1. **Continue training** - 11% relative improvement in 48k steps is solid progress. Most languages are still improving.
2. **Investigate Punjabi regression** - Could be data distribution, LR schedule, or catastrophic forgetting. Consider adding more Punjabi data.
3. **Dravidian languages need more data** - Tamil/Malayalam/Kannada are the weakest.

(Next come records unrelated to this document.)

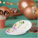 Party paper plate shown in a cute colourful music notes print. Shown in 7" size.
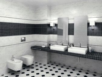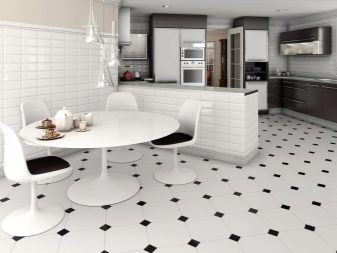 ومع ذلك ، فإن هذا الحل لا يعمل دائمًا. يمكن استخدامه ، على سبيل المثال ، في مطبخ تبلغ مساحته حوالي 5-6 أمتار مربعة. م ، بينما بالنسبة لغرفة صغيرة مثل الحمام ، فإن البلاط بمثل هذه الأبعاد سوف يدمر الداخل ببساطة.
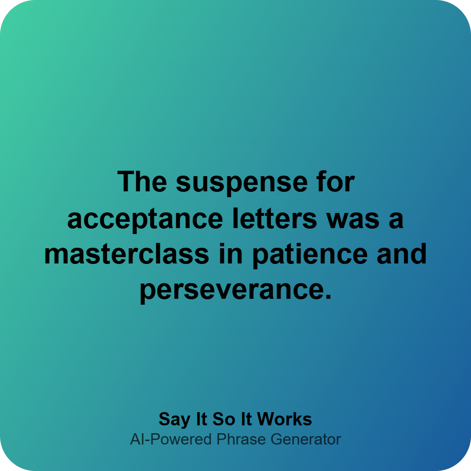 The suspense for acceptance letters was a masterclass in patience and perseverance.
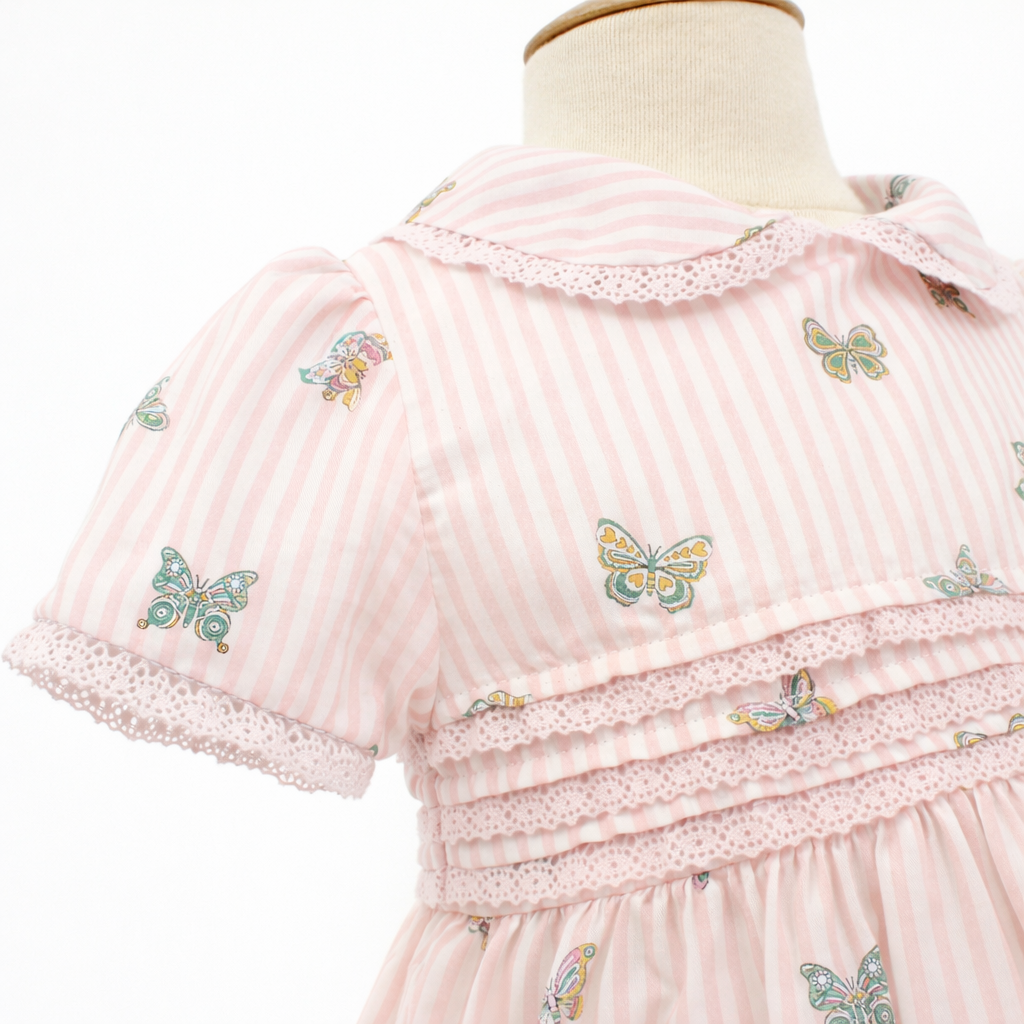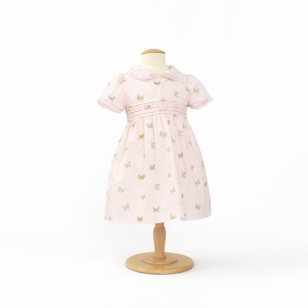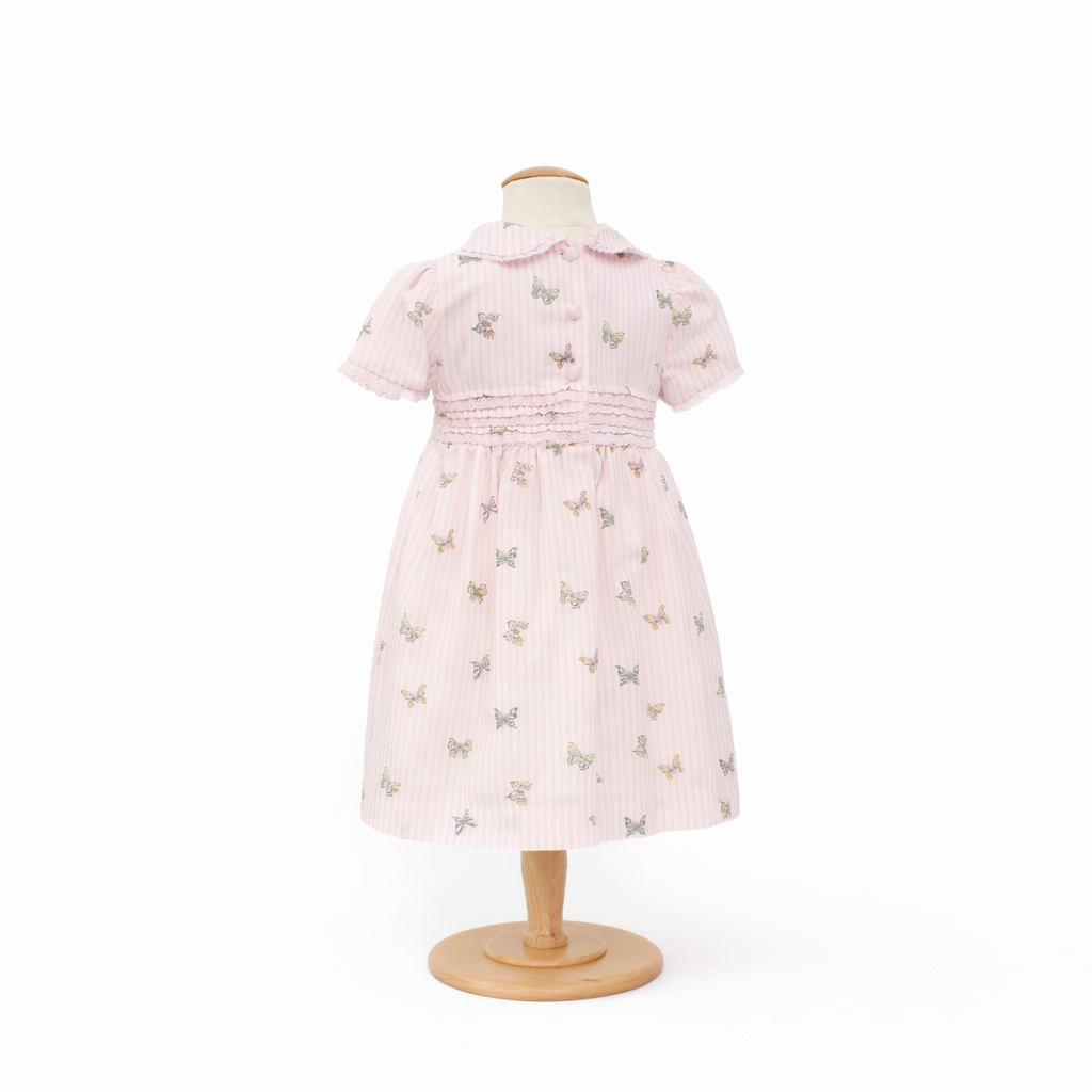 Este Vestido de Menina Borboletas em tom rosa suave destaca-se pela sua delicadeza e pelo encanto dos pequenos detalhes. Confeccionado em tecido leve de riscas finas, apresenta um padrão subtil de borboletas em tons pastel que conferem leveza e um toque poético à peça.
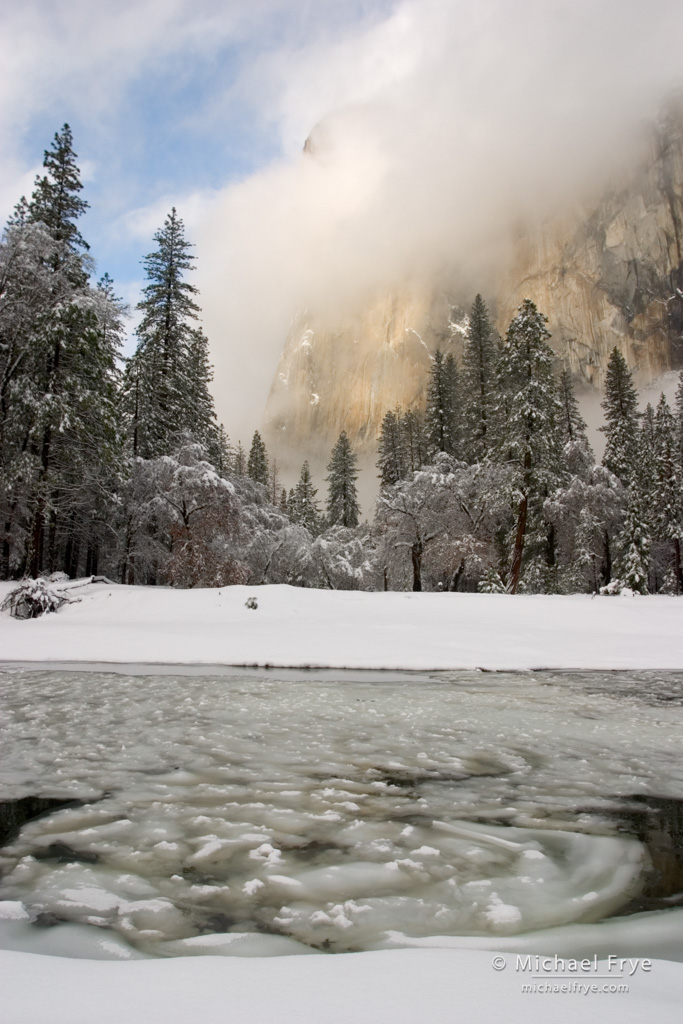 This photograph from Yosemite has beautiful swirling ice patterns in the foreground, and mist-shrouded El Capitan in the background. But it doesn’t work—the two halves of the image don’t fit together because the lines in the bottom are mostly horizontal, while the lines in the top are mostly vertical. It looks disjointed:
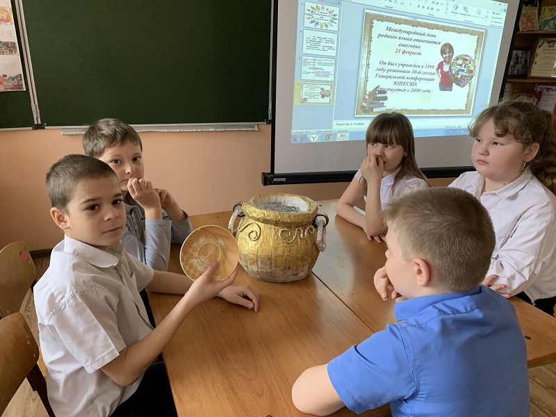 В течение всей недели в Ясиновской СОШ им. 30-й гв. Иркутско–Пинской дивизии проходили мероприятия, посвящённые Международному дню родного языка. Так, в преддверии замечательного праздника, учащиеся 3 класса отправились в увлекательное путешествие: узнали историю праздника, окунулись в историю нашего языка, вспомнили правила современного языка, узнали много интересного. Ребята активно участвовали в интересных конкурсах и викторинах. В ходе конкурса «Поговорка-цветочек, пословица-ягодка» ребята находили русский эквивалент иностранной пословицы. Из волшебного горшочка доставали предметы, которые угадывали по их описанию. С увлечением учащиеся из частей «собирали» пословицы. Особый интерес вызвал самый весёлый конкурс, где мальчикам и девочкам предстояло только лишь жестами и мимикой показать фразеологизмы. Ребята показали фразеологизмы «брать себя в руки», «как баран на новые ворота», «выйти из себя».

Their agglutinative morphology makes them harder; more training data + CER-focused loss weighting could help.
4. **Assamese plateau** - Only 1.8% relative improvement suggests the model is struggling. Assamese has the least training data (from IndicVoices vs Kathbath for others); data quantity may be the bottleneck.
5. **Next checkpoint eval** - Run again at ~120k-150k steps to see if Punjabi regression persists and whether Tier 3/4 languages continue improving.

---

### RTF (Real-Time Factor)

| Checkpoint | Inference Time | Audio Duration | RTF |
|------------|---------------|----------------|-----|
| ckpt-24000 | 2472.6s | 40354s | 0.0613 |
| ckpt-72000 | ~2500s | 40354s | ~0.062 |

Both checkpoints run at ~16x real-time on single GPU with batch_size=16, which is good for evaluation throughput.